Former Prime Minister Eddie Fenech Adami had told US President George H Bush he would not be welcome for the historic 1989 summit with Soviet leader Mikhail Gorbachev unless he paid an official courtesy call to Auberge de Castille.

Arrangements were underway for the meeting – the first between the two Cold War rivals after the collapse of the Berlin wall – but Dr Fenech Adami was insistent that both leaders should visit the Maltese Prime Minister upon their arrival.

The summit was a golden opportunity for the new Nationalist administration to broadcast to the world that Malta was no longer Dom Mintoff’s non-aligned island state of the 1970s.

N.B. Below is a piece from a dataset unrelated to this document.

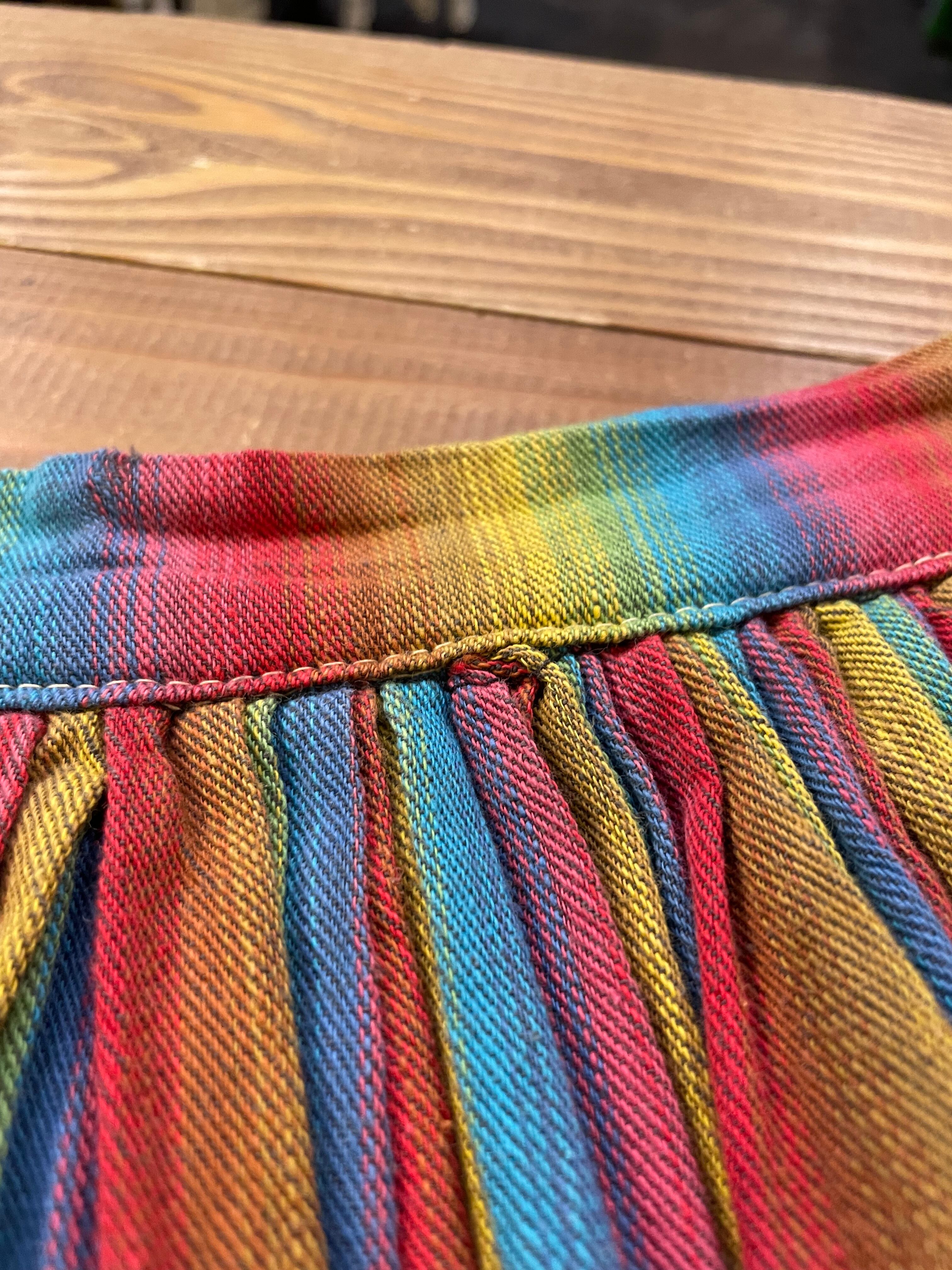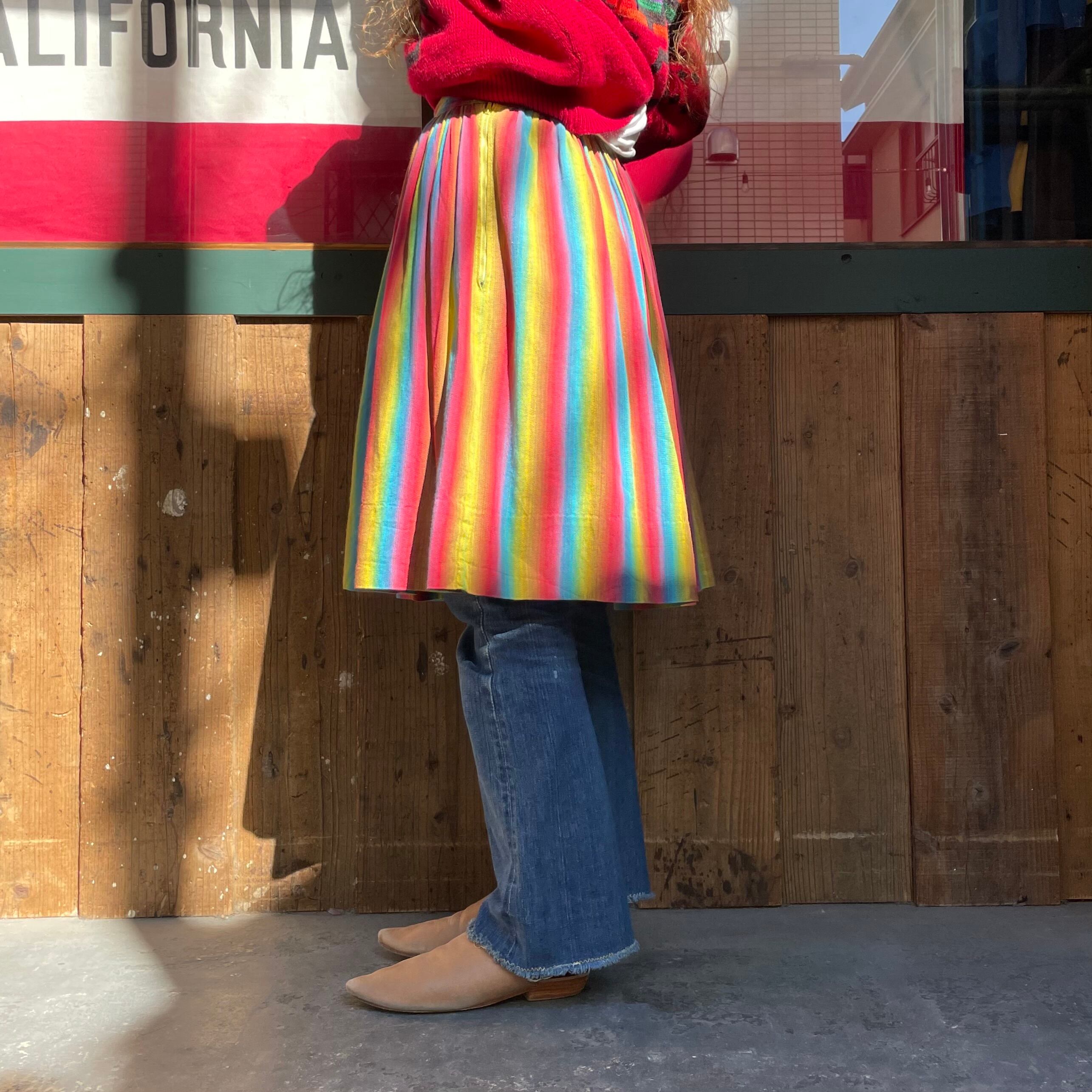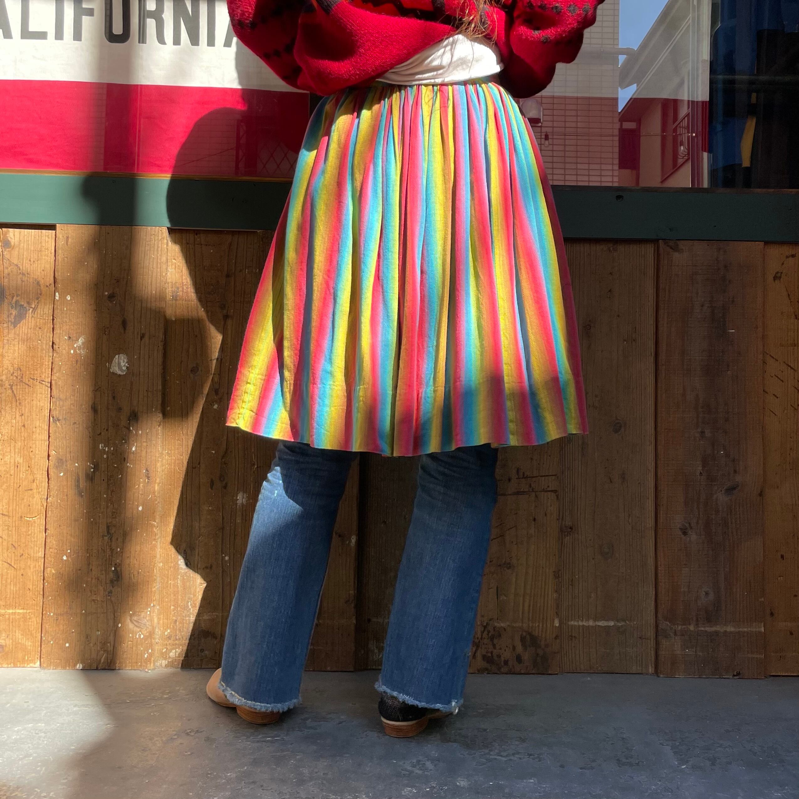 明るい色味のレインボーカラーがかわいいスカートです。程よく広がるギャザーフレアのシルエットも良い感じですね。

However, the White House became wary of too much interaction with the government on Maltese soil (the summit took place aboard US and Russian warships in Maltese waters) because of concerns there might be “hostile demonstrations” in light of the Labour Party’s opposition to the meeting.

Speaking during an interview on the Nationalist Party’s radio 101 yesterday, Dr Fenech Adami said he had received a call from Mr Bush’s National Security Adviser, Brent Scowcroft, in which he expressed this concern and said the President was reluctant to make the courtesy visit.

Dr Fenech Adami protested, telling him the President would not be welcome if he refused.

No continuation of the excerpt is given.